Speaking to India Legal, KTDC Chairman M Vijayakumar, however, dismissed the security lapse by saying it was a thing of the past and had no relevance now except for the apex court order. “In fact, we had already complied with the NCDRC order and it was part of a routine procedure to file an appeal against the Commission’s ruling in the apex court.  We paid the compensation to the victim’s family on the orders of the Commission. And on the safety side, KTDC has taken all precautions ever since the unfortunate accident occurred,” he said.

He said KTDC had several high-value hotels and resorts which provided quality service to its customers. “Many tourists visit these places. Most of our guests are international and accustomed to receiving a high standard of service and security. What happened more than a decade back was an unfortunate accident and need not be raked up now as we have complied with all safety norms,” Vijayakumar claimed.
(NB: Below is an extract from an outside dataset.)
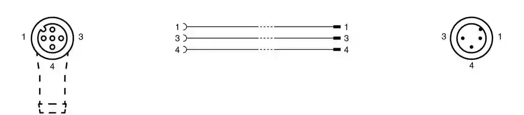 Connection cable. Cordset M12 socket angled to M12 plug straight A-coded, 3-pin, PUR cable black, UL approved, drag chain suitable, torsion resistant. Connector 1: . ConnectionsocketConstruction typeM12StyleangledLockingscrew connectionNumber of pins3CodingA-coded: . Connection: socket. Construction type: M12. Style: angled. Locking: screw connection. Number of pins: 3. Coding: A-coded. Connector 2: . ConnectionplugConstruction typeM12StylestraightLockingscrew connectionNumber of pins3CodingA-coded: . Connection: plug. Construction type: M12. Style: straight. Locking: screw connection. Number of pins: 3. Coding: A-coded. Operating voltage: max. 250 V AC/DC. Operating current: max. 4 A. Degree of protection: EN 60529. Plug connection: connector M12 x 1 : IEC 61076-2-101. Flammability: UL 1581; DIN EN 60332-2-2. Halogen-free: IEC 60754-1. UL approval: AWM STYLE 20549 AWM I/II A/B 80°C 300V FT2 (cable). UL File Number: E231213. Ambient temperature: . Plug connector-40 … 90 °C (-40 … 194 °F)Cable, fixed installation-40 … 80 °C (-40 … 176 °F)Cable, flexing-20 … 80 °C (-4 … 176 °F): . Plug connector: -40 … 90 °C (-40 … 194 °F). Cable, fixed installation: -40 … 80 °C (-40 … 176 °F). Cable, flexing: -20 … 80 °C (-4 … 176 °F). Pollution degree: 3. Plug connector: . Tightening torque0.6 NmLoosening protectionintegratedTool installationstraight knurling and hexagon nut SW = 14 mmMating cyclesmin. 100: . Tightening torque: 0.6 Nm. Loosening protection: integrated. Tool installation: straight knurling and hexagon nut SW = 14 mm. Mating cycles: min. 100. Degree of protection: IP66 / IP68 / IP69. Cable: according to IEC/EN 60228 (DIN VDE 0295) class 6. Sheath diameter4.3 mmBending radius> 10 x cable diameter, movable installation > 5 x cable diameter, fixed installationSheath stripping forcemax. 80 N / 300 mmSheath colorblack (similar to RAL 9005)Number of cores3Core cross section0.34 mm2Cores colorCore 1: brown Core 3: blue Core 4: blackCore construction42 x 0.1 mm ∅LengthL0.6 mCable codeLi F 9Y 11Y 3 x 0,34: . Sheath diameter: 4.3 mm. Bending radius: > 10 x cable diameter, movable installation > 5 x cable diameter, fixed installation. Sheath stripping force: max. 80 N / 300 mm. Sheath color: black (similar to RAL 9005). Number of cores: 3. Core cross section: 0.34 mm2. Cores color: Core 1: brown Core 3: blue Core 4: black. Core construction: 42 x 0.1 mm ∅. Length: 0.6 m. Cable code: Li F 9Y 11Y 3 x 0,34. Drag chain suitability: . Test temperature25 °C (77 °F)Drag chain cyclesmin. 10000000Motion velocitymax. 3 m/sTraverse distancemax. 5 mAccelerationmax. 5 m/s2Torsion cyclesmin. 1000000Torsional stress± 180 °/m: . Test temperature: 25 °C (77 °F). Drag chain cycles: min. 10000000. Motion velocity: max. 3 m/s. Traverse distance: max. 5 m. Acceleration: max. 5 m/s2. Torsion cycles: min. 1000000. Torsional stress: ± 180 °/m. Mass: 38 g. PWIS free: yes. Halogen-free: yes. Plug connector: . Screw connectionZinc diecast, nickel-platedBodyTPU, blackSealFKMContact surfacegold plated (Au)FlammabilityV-2: . Screw connection: Zinc diecast, nickel-plated. Body: TPU, black. Seal: FKM. Contact surface: gold plated (Au). Flammability: V-2. Cable: . SheathingPUR based on polyetherCoresbare copper (Cu)Core insulationPPUV resistanceyesChemical resistancegoodOil resistanceyesCooling lubricant resistanceyesMicrobial resistanceyesHydrolysis resistanceyesFlammabilityFT2: . Sheathing: PUR based on polyether. Cores: bare copper (Cu). Core insulation: PP. UV resistance: yes. Chemical resistance: good. Oil resistance: yes. Cooling lubricant resistance: yes. Microbial resistance: yes. Hydrolysis resistance: yes. Flammability: FT2. Cable marking sleeve: 2x PUR transparent , fixed to cable

He said that the KTDC management had never shown any reluctance in complying with the NCDRC order, though they had moved the apex court with an appeal. “Filing an appeal before the apex court should not be seen as an attempt to sabotage the dispensation of justice to the victim’s family. It is a routine, customary practice for a PSU like ours to clarify its position in a court of law and come out clean.”

However, when contacted by India Legal, N Harikrishnan, General Manager of Hotel Samudra, said the accident occurred after the pool was closed for guests. “The pool is open from 6 am to 6 pm and the accident occurred around 7 pm. That is why there was no lifeguard,” he said. He also said KTDC ensured that lifeguards are deployed at the poolside whenever the pool is open for guests.

Pandalam Sudhakaran, former KTDC chairman, said the Court verdict should be treated as a lesson instead of addressing it like a setback.

“We cannot afford to have human casualties at KTDC-run hotels and resorts. People come here to relax. The security of every guest is of paramount importance to a hotelier. The responsibility is greater if it is run by a State-owned institution. Everybody concerned should learn a lesson from the incident,” he said.